How to wrap a non-object-safe Trait in an object-safe one?

I originally encountered this issue when attempting to create a Rayon ParallelIterator that a flat_map operation was applied to a dynamic number of times see this post on the Rayon issue tracker.

For standard, serialized Iterators the following works:

fn fancy<Input, Output, Item>(input: Input, depth: usize) -> Output
where
    Input : IntoIterator<Item = Item>,
    Output : std::iter::FromIterator<Item>,
    Item : Copy + std::ops::Add<Output = Item>,
{
    let mut iter: Box<dyn Iterator<Item = Item>> = Box::new(input.into_iter());
    for _ in 0..depth {
        iter = Box::new(iter.flat_map(|x| vec![x, x + x].into_iter()));
    }
    iter.collect()
}

When working with Rayon's ParallelIterators, however, things get iffy: ParallelIterator requires types that implement it to be Sized, making them non-object safe and thus impossible to pass around as trait object. Thus the following straight translation does not work:

use rayon::prelude::*;
fn fancy2<Input, Output, Item>(input: Input, depth: usize) -> Output
where
    Input : IntoParallelIterator<Item = Item>,
    Output : FromParallelIterator<Item>,
    Item : Copy + std::ops::Add<Output = Item> + Send,
{
    let mut iter: Box<dyn rayon::iter::ParallelIterator<Item = Item>> = Box::new(input.into_par_iter());
    for _ in 0..depth {
        iter = Box::new(iter.flat_map(|x| vec![x, x + x].into_par_iter()));
    }
    iter.collect()
}

My question is: How can we wrap a non-object-safe trait like ParallelIterator in a new trait that is object-safe?

1 Like

I don't think it's generally possible.

If the possible types are known at compile time, you can use an enum wrapper. Rayon already implements its traits for the Either type, with Left and Right variants. If you need more than two, you can create your own enum for this without much trouble.

That won't work for your 0..depth dynamic nesting though. You might be able to implement a custom ParallelIterator type that approximates this, with an UnindexedProducer that splits your x and x + x parts. There might be other ways to refactor the code to do what you want too.

1 Like

Is there a way to make a wrapper struct/enum that can be wrapped in a Box<dyn ...>, or will it effectively get 'tainted' by the Sized requirement of its field that is an instance of ParallelIterator?

This is equivalent:

fn make_vec<I>(x: I, out: &mut [I])
where
    I: Copy + std::ops::Add<Output = I>,
{
    if out.len() == 1 {
        out[0] = x;
    } else {
        let (left, right) = out.split_at_mut(out.len() / 2);
        make_vec(x, left);
        make_vec(x + x, right)
    }
}
fn fancy2<Input, Output, Item>(input: Input, depth: usize) -> Output
where
    Input : IntoParallelIterator<Item = Item>,
    Output : FromParallelIterator<Item>,
    Item : Copy + std::ops::Add<Output = Item> + Send,
{
    input.into_par_iter()
        .flat_map(|x| {
            let mut vec = vec![x; 1 << depth];
            make_vec(x, &mut vec);
            vec
        })
        .collect()
}

except that it isn't as parallel as you might want.

2 Likes

You can also create a struct and manually implement ParallelIterator on it, for example see this. This will be completely parallel. Though I'm not sure it'd be faster..

5 Likes

You could use rayon::join on the pair of recursive make_vec calls to squeeze out more parallelism. I like your custom ParallelIterator too.

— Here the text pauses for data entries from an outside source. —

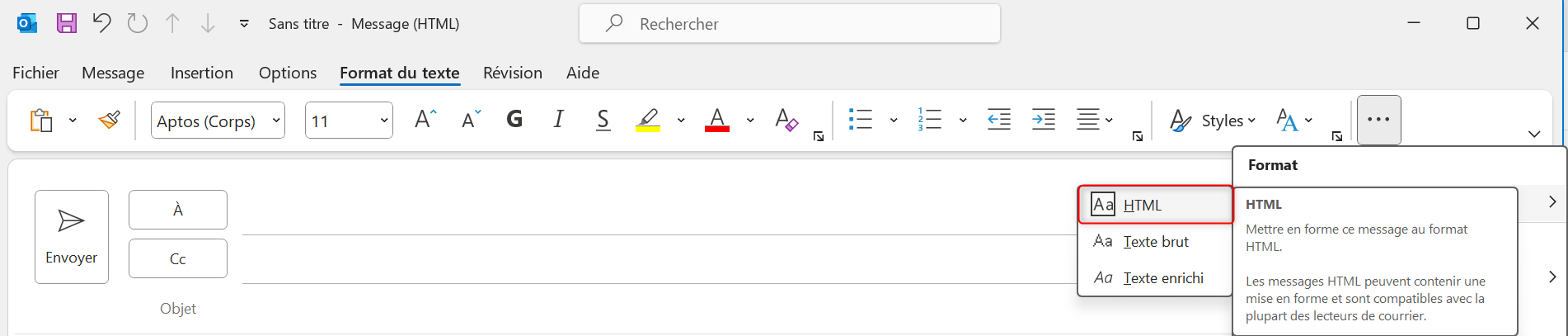 2. Sélectionner le format HTML.
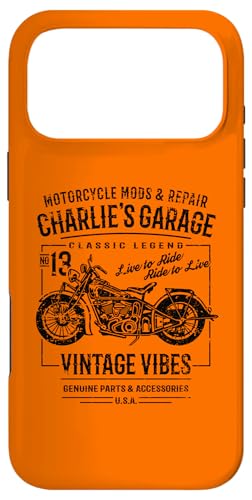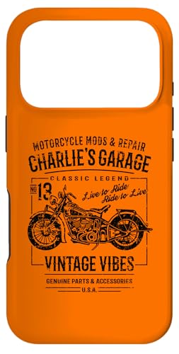 Charlie's Garage Design Moto Vintage pour nom Charlie Coque pour iPhone 17 Pro
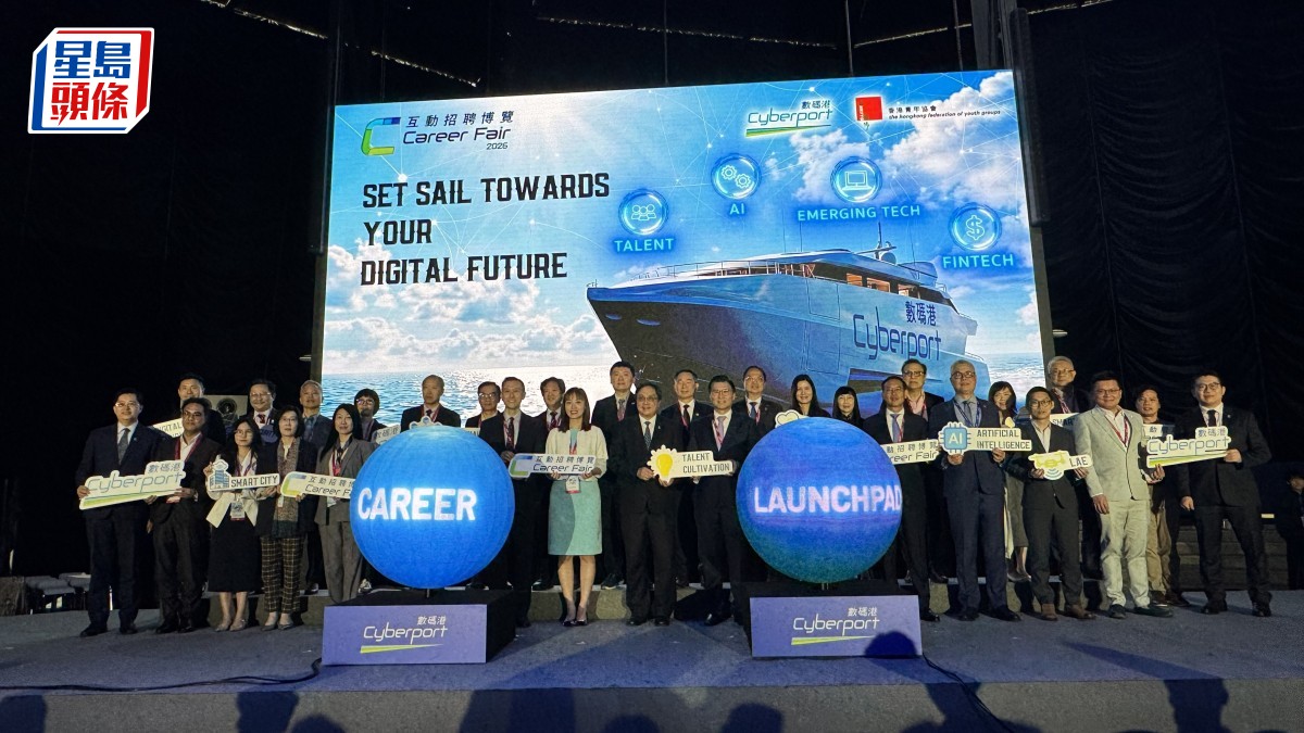 數碼港年度旗艦活動「數碼港互動招聘博覽 2026」今日(20日)在數碼港商場中庭CyberArena揭幕,由數碼港主席陳細明、行政總裁鄭松岩,聯同創新科技及工業局副局長張曼莉、科技創新界立法會議員邱達根等人擔任主禮嘉賓。為期兩天的博覽以「Set Sail Towards Your Digital Future」為主題,提供逾2,000個創科職位,並首次引入無人機足球比賽等多元互動體驗,讓參加者全面
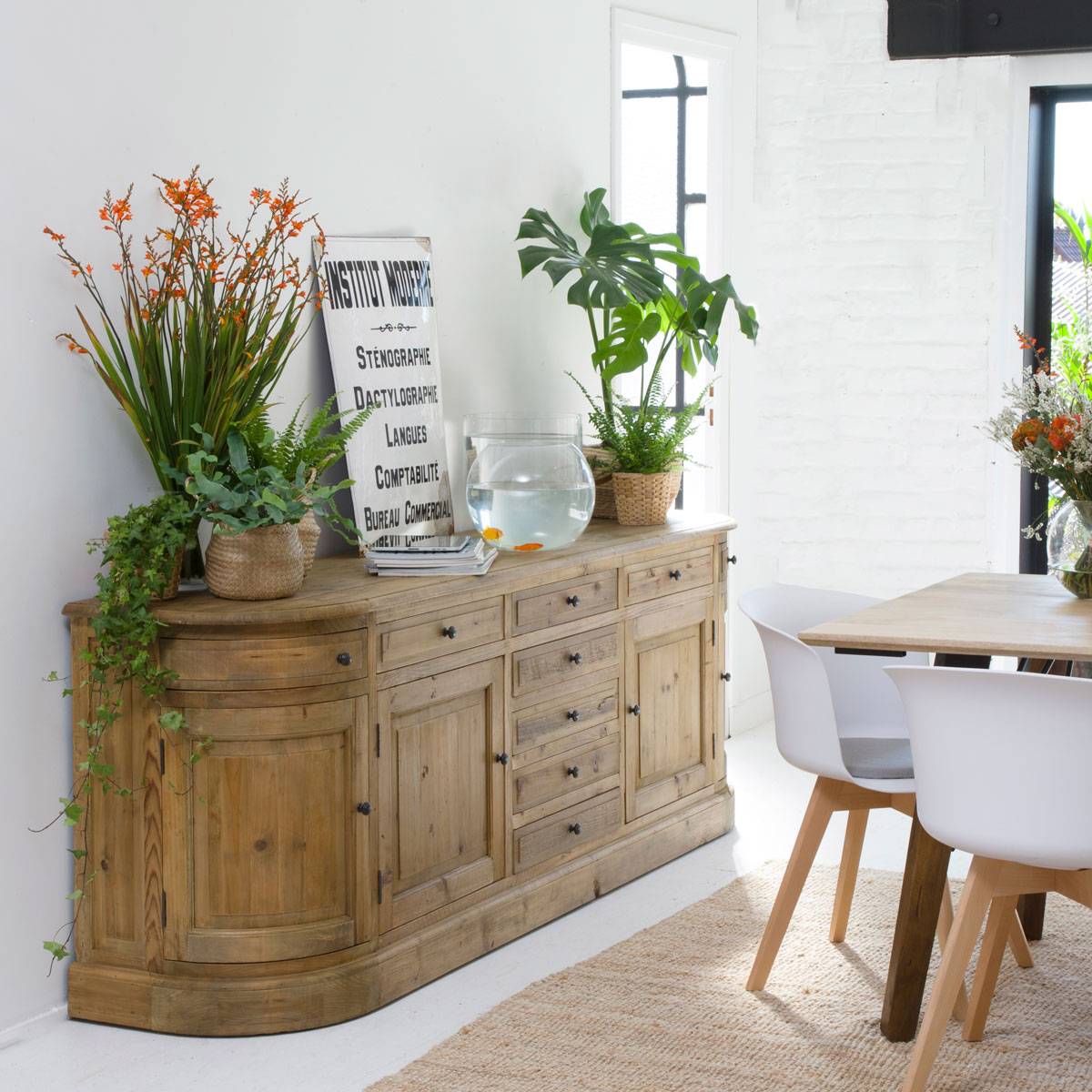 Ce buffet arrondia été réalisé à partir de vieux pin brossé qui lui confère un charme indéniable. Vous allez adorer les nuances claires et lumineuses de son bois qui apporteront des ondes positives au sein de votre intérieur. Petit coup de coeur pour ses poignées en laiton qui apportent une petite touche de modernité à l'ensemble du meuble. Il a été pensé de façon à vous offrir un maximum d'espaces de rangements. Il comporte donc 4 portes (avec une planche pour chaque porte à l'intérieur), et se décline en deux versions : 9 tiroirs pour le grand modèle, et 4 tiroirs pour le petit modèle. Ce buffet enfilade est livré monté,

However, I hesitate to focus on this particular example. I bet the CPU time will be dominated by allocation and data movement, rather than computation, which isn't a great use of parallelism in the first place. More realistic scenarios might be helped by seeing your solutions, but they'll probably need something custom.

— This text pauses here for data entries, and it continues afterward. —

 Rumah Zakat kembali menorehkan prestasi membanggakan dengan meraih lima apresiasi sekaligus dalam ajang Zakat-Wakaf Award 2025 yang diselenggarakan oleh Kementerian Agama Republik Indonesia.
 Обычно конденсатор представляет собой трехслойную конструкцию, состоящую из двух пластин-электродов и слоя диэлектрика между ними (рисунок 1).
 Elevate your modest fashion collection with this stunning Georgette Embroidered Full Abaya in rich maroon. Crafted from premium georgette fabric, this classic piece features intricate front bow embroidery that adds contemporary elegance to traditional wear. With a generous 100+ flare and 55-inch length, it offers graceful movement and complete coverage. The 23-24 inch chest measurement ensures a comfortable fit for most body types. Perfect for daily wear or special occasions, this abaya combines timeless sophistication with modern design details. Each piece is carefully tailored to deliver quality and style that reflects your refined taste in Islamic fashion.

@alice Thank you! That solution, where you create a new concrete struct that implements ParallelIterator and because it is a single type we do not need any dynamic dispatch, seems very clean. Hereby marking it as a solution.

@cuviper The real application I am working on does L-system expansion, which mostly means that the resulting vector in the flat_map will be much longer most of the time.

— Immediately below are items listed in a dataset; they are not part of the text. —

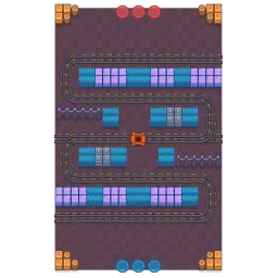 The map consists of multiple layers of interchanging cover and minecart tracks. There are five minecart track layers and three lanes besides wall and bush clusters. Minecarts coming from the left will turn to the enemy side, while minecarts coming from the right will turn to your team's side. There are crates and barrels located at the corners of the wall. The map is diagonally symmetrical.
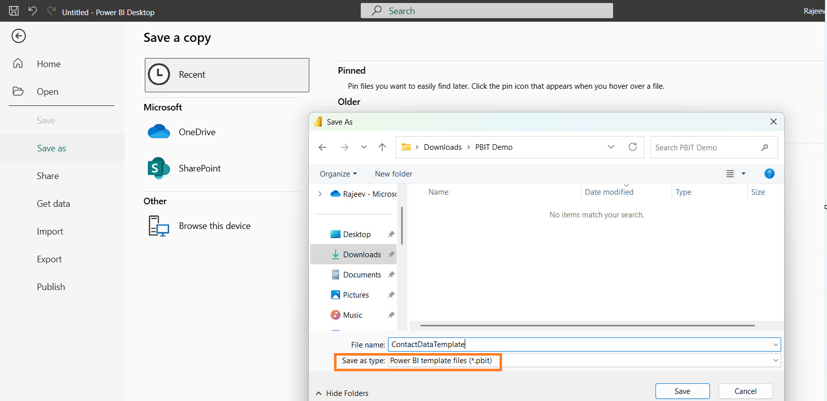 To achieve this, we’ll use a Power BI Template file (.PBIT) file.
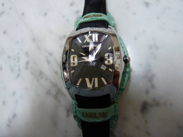 Chronotech*クロノテックxPRIDE・KAWAJIRI-TATSUYAコラボ*腕時計*展示品 サイズ:フェイス5x4cm、重さ:112g、全長:27cm、8穴(19.5cm~24.5cmまで調節可能)幅:2cm 材質:カーフ 備考:電池式!付属品なし
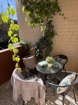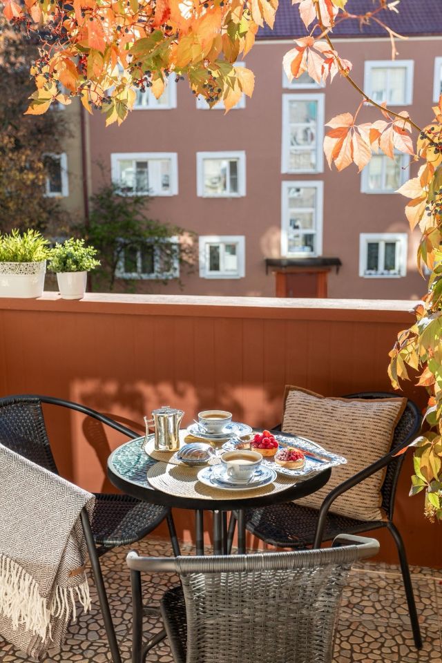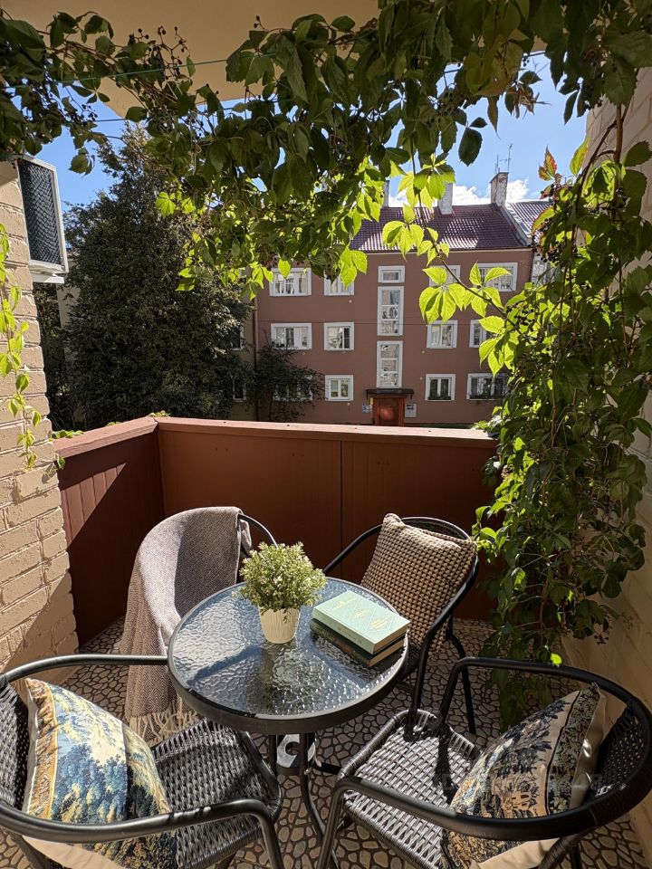 Большой открытый БАЛКОН-ТЕРРАСА с уличной мебелью, с видом на немецкие домики и брусчатую мостовую для атмосферных завтраков и уютных вечеров.

As for speed, we'll probably only be able to know for sure by benchmarking :sweat_smile:.

To increase the efficiency, you could probably change the if to check if depth is less than, say, 10 and use the recursive function i posted above to take care of the shorter cases without doing it in parallel, as very small tasks are usually faster to do in one thread.